This Schedule 13D relates to Common Stock of the Issuer purchased by the Fund and the accounts of certain other private funds (collectively, the “Hirzel Accounts”). The Fund may direct the vote and disposition of the 4,739,443 shares of Common Stock that it holds directly. Hirzel Capital serves as the general partner or managing member of the Hirzel Accounts and may direct the vote and disposition of the 5,631,217 shares of Common Stock held by the Hirzel Accounts. As the principal of Hirzel Capital, Mr. Hirzel may direct the vote and disposition of the 5,631,217 shares of Common Stock held by the Hirzel Accounts.

The Common Stock held by the Reporting Persons (as defined below) reported on this Schedule 13D were previously reported on a Schedule 13G filed with the Securities Exchange Commission on April 11, 2013.

 

Item 1. Security and Issuer

Securities acquired: Common Stock ($.01 par value) (the “Common Stock”).
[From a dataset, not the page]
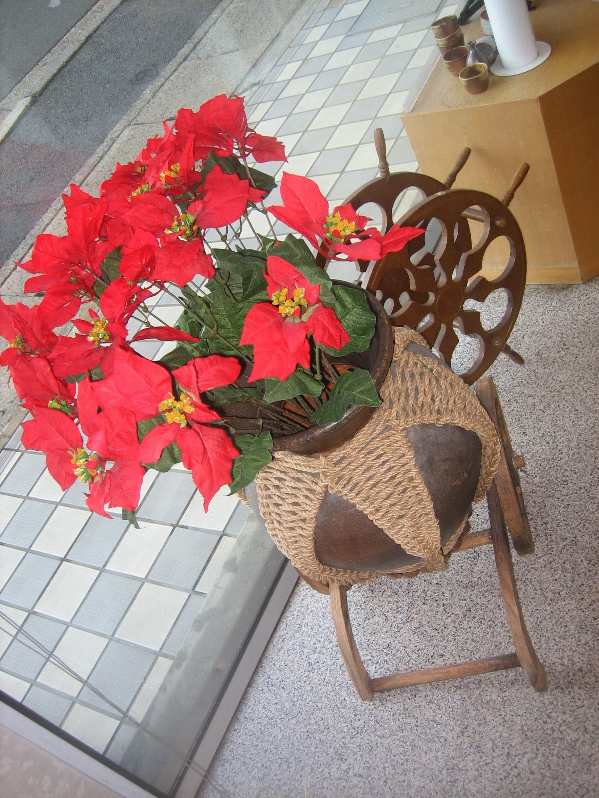 造花 変りまひた。ポンセチアです。Christmasのディスプレイはまだですが 近々treeがお目見えします!

Issuer:   Hawaiian Holdings, Inc.

       3375 Koapaka Street
       Suite G-350
       Honolulu, Hawaii 96819

 

Item 2. Identity and Background

(a) This Schedule 13D is jointly filed by Hirzel Capital, the Fund and Mr. Zac S. Hirzel. Because Mr. Hirzel is the principal of Hirzel Capital (with Mr. Hirzel and Hirzel Capital hereinafter referred to as the “Control Persons”), the Control Persons may be deemed, pursuant to Rule 13d-3 of the Securities Exchange Act of 1934, as amended (the “Act”), to be the beneficial owners of all of the shares of Common Stock held by the Hirzel Accounts. The Control Persons are filing this Schedule 13D jointly with the Fund (collectively, the “Reporting Persons”), as they may be considered a “group” under Section 13(d)(3) of the Act. However, neither the fact of this filing nor anything contained herein shall be deemed to be an admission by the Reporting Persons that such a group exists.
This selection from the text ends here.